You know where it’s going, this woman of substance, it’s the Nutty Professor with body love instead of Buddy Love. Horror instead of comedy. The obsession with beauty is perhaps an ugly one. Margaret’s Sue is truly beautiful, effervescent. Shining in her scenes, magnetic with warmth and cuteness. Although you never truly care for her as she isn’t given that depth, you are transfixed. At least until the horror comes to the fore, then it depends on the viewers’ reaction. For me, two and half hours was half hour too long, normally when our hero meets their fate the horrors end. Make it stop, please make it stop. I felt like the titular fly in the 1950’s version, ‘help me’ (The Substance had some nice metaphoric scenes at the beginning of feeling trapped, ageing out of her chosen career). I did not want to have my memory seared, it’s not going to be an easy film to forget. I stared at the wall of the cinema as I didn’t want anything too repulsive lodged in my memory banks. Horror films get stronger because they can, 1930’s horror feels quaint now. The Omen in its day was criticised by critics for its revelling in bloody denouements, an early splatter film. This does not feel mainstream enough to make that sea change, more a curiosity for those who like their horror strong. I’m not opposed, I enjoyed cult films like Society, however I bowed out of torture porn with Saw IV, realising I was being masochistic, enduring the film rather than enjoying it, like I endured the end of this. It did however have a good ending.

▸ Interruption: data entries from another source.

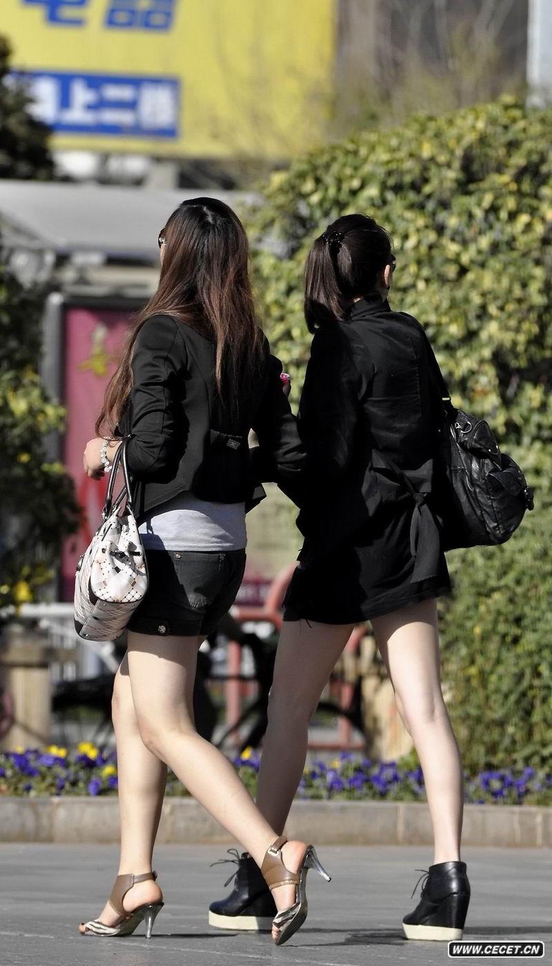 跟拍超短裙白腿姐妹
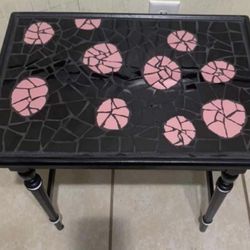 Handmade Mosaic Tile Side Table Black Pink Circles Accent Plant Stand 21” Turned$75Gaithersburg, MD
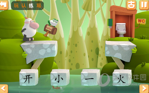 3、练,通过多个小动物的形象的比划以及模拟,让孩子对汉字的理解以及印象更加深刻,此环节也是加入了游戏元素,同时完成任务关卡以后还有有音效哦。
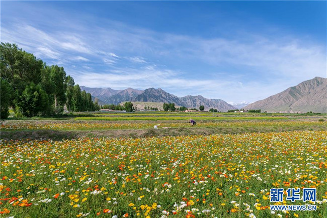 7月6日,甘肅省高臺縣新壩鎮(zhèn)紅沙河村村民在花田中勞作。 新華社發(fā)(鐘曉亮 攝)
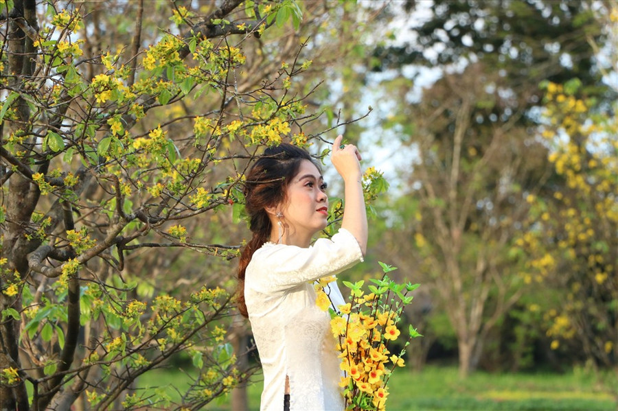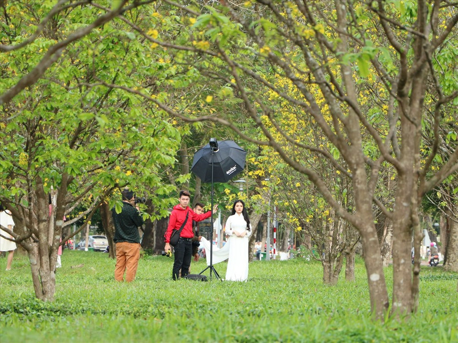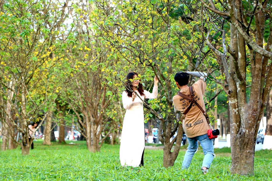 Những ngày qua, vườn hoàng mai dọc đường Lê Duẩn (TP. Huế) nở rộ tạo nên một khung cảnh tuyệt đẹp. Nhiều người tìm tới đây để chụp cho mình những bức ảnh ưng ý nhất, đặc biệt là giới trẻ.
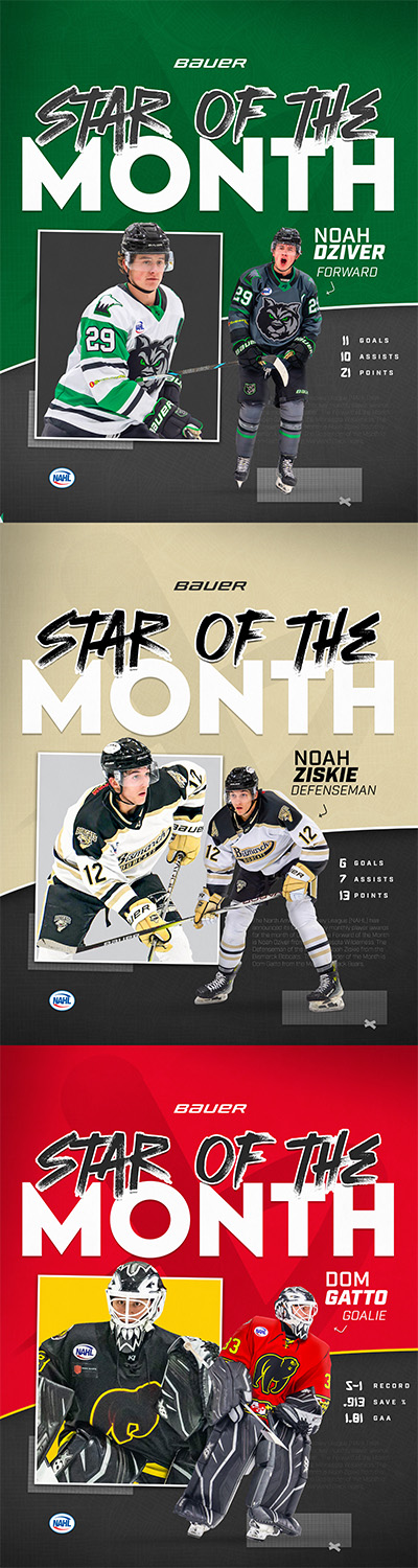 The North American Hockey League (NAHL) has announced its Bauer Hockey player awards for October. The Forward of the Month is Noah Dziver from the Minnesota Wilderness. The Defenseman of the Month is Noah Ziskie from the Bismarck Bobcats. The Goaltender of the Month is Dom Gatto from the Maryland Black Bears.
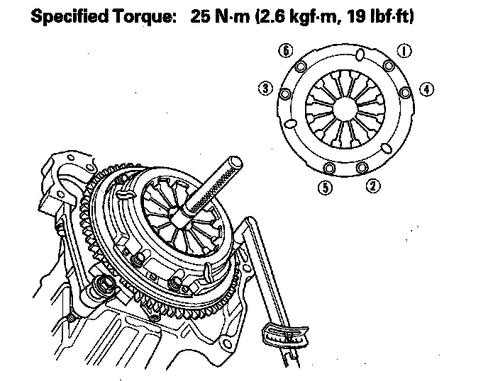 Torque the mounting bolts in a crisscross pattern. Tighten the bolts in several steps to prevent warping the diaphragm spring.
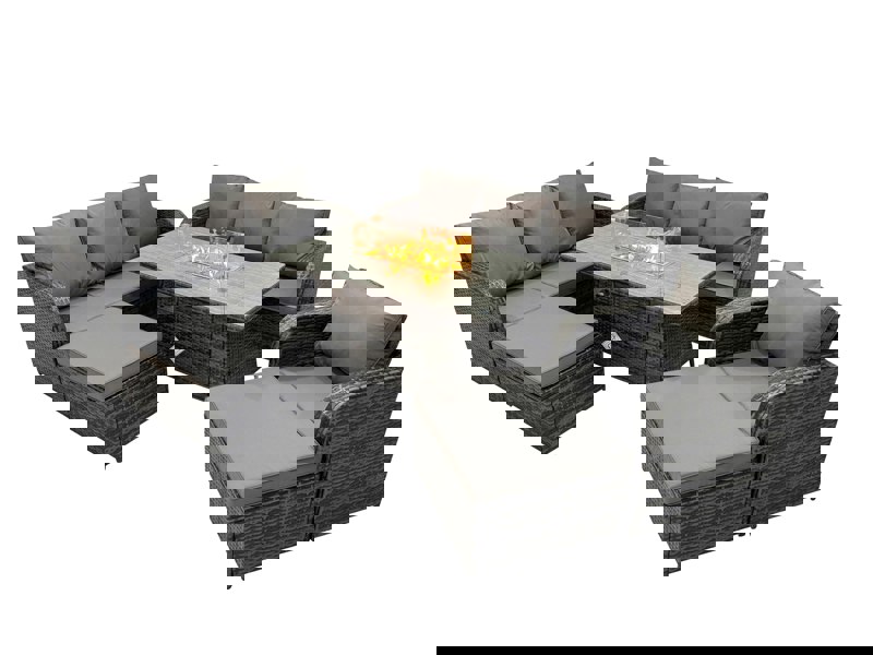 Create a refined outdoor setting with this rattan gas fire pit dining table set, designed for flexible use both indoors and outdoors. With a considered blend of country chic and modern minimalism, it brings a polished look to patios and balconies while offering a comfortable space for dining and relaxing.

Universal, who were originally due to distribute, were “worried about the prospect of releasing the film” and dropped it. Mubi luckily picked it up. An impressive directorial satire which won the best screenplay at Cannes and got a 13 minute standing ovation but I couldn’t help but be reminded of Stephen King’s comment that it’s easy to do gross out. The film has all the fascination of a car crash as the director luxuriates in detail.
The Substance is both good and bad. Or just good if you like strong horror. It’s skewed view of life, men all braying, women all preening, is impressive and its perhaps hypocritical to not mind the camera obsessing on beauty but then not liking it when it later obsesses on ugly, but there it is. That is its substance.